June 21, 2025, 3:55 pm IDT
Updated: June 21, 2025, 7:29 pm IDT
“We are in the mainframe and time-sharing era of computing” for LLMs, akin to the 1960s.
Billions of people now have unprecedented access to this new computational power.
The very fabric of software is undergoing a fundamental transformation, shifting paradigms that have defined computing for decades. Andrej Karpathy, a luminary whose influence spans Stanford, OpenAI, and Tesla, illuminated this profound evolution during his keynote at the Y Combinator AI Startup School in San Francisco. His insights focused on the dawn of “Software 3.0,” where natural language emerges as the new programming interface, ushering in an era of unprecedented accessibility and a re-imagining of computing itself.
At the heart of this shift is the transition from traditional, manually written code (Software 1.0) and neural network weights trained on vast datasets (Software 2.0) to Large Language Models (LLMs) programmed directly through natural language prompts. Karpathy posited, “The hottest new programming language is English,” underscoring how this change democratizes software creation, allowing billions who speak natural languages to engage with computing in ways previously unimaginable.
LLMs are more than mere tools; they represent a new computational paradigm. They exhibit properties akin to utilities, with substantial capital expenditure required for their training and operational expenditure for serving intelligence via increasingly homogeneous APIs. Furthermore, they share characteristics with semiconductor fabs, demanding massive investment in deep tech R&D. But perhaps most significantly, Karpathy argued, LLMs function as a nascent form of operating system, mirroring the centralized, expensive, and time-shared mainframe computers of the 1960s.
Understanding the emergent “psychology” of these LLMs is paramount for effective human-AI collaboration. Karpathy characterized LLMs as “people spirits”—stochastic simulations of human cognition, possessing encyclopedic knowledge and superhuman capabilities in certain domains. However, he cautioned against anthropomorphizing them entirely, noting their “jagged intelligence” and cognitive deficits such as hallucinations, insufficient self-knowledge, and a form of anterograde amnesia where they lack continual learning outside their immediate context window. They are fallible systems requiring careful management.
This duality necessitates a shift in how applications are designed, favoring “partial autonomy” rather than fully independent agents. Karpathy advocated for human-AI collaboration loops where AI handles generation, and humans provide rapid verification and oversight. Products like Cursor and Perplexity exemplify this, integrating LLMs to manage context, orchestrate calls to multiple models, and offer application-specific graphical user interfaces (GUIs). Crucially, these systems feature an “autonomy slider,” allowing users to dial in the desired level of AI control, from simple code completion to more expansive, agentic operations. The goal is to make verification “easy, fast to win,” ensuring that humans remain effectively in the loop, auditing the AI’s output.

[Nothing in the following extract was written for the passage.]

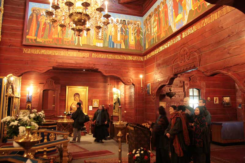 莊主右帶領大家參觀他的私人俄羅斯教堂,巨大的教堂以巨木建成,不用一根釘子,完全是古法建造,堂中催燦輝煌,令人嘆為觀止!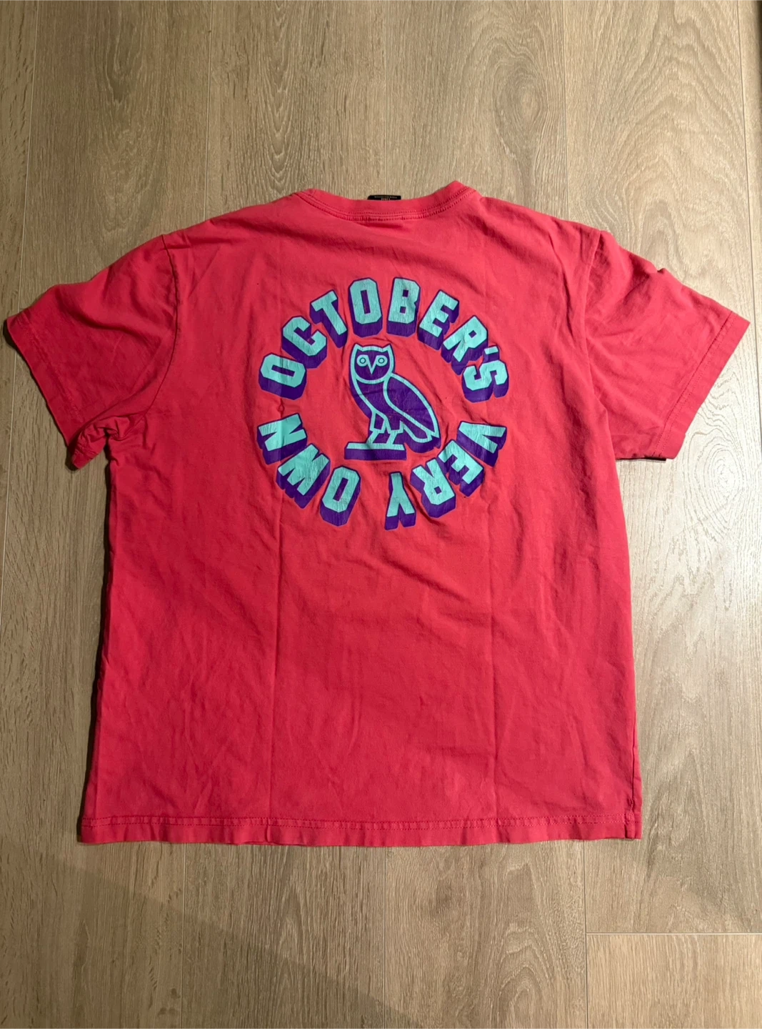 Selling an Original OVO (October's Very Own) t-shirt in size women’s large but would fit a medium mens. The shirt features the OVO owl logo on the back and the OVO initials on the front. It's in great shape and ready for a new owner, its in great condition selling since im a student and need the money.

The implications of Software 3.0 extend beyond the developer’s desk. The rise of “vibe coding,” where individuals use natural language to conjure software solutions, signals a future where programming is ubiquitous. This new era demands a re-evaluation of digital infrastructure, preparing it to serve not just humans via GUIs or traditional computers via APIs, but also these new, human-like agents. Just as robots.txt guides web crawlers, new protocols will emerge to instruct LLMs on interacting with digital domains.
In essence, Karpathy concluded, “We are in the mainframe and time-sharing era of computing” for LLMs, akin to the 1960s. Billions of people now have unprecedented access to this new computational power. The challenge and immense opportunity before founders, VCs, and AI professionals is to program these new machines, to build the next generation of software, and to architect a future where human ingenuity is augmented by intelligent, yet carefully managed, AI.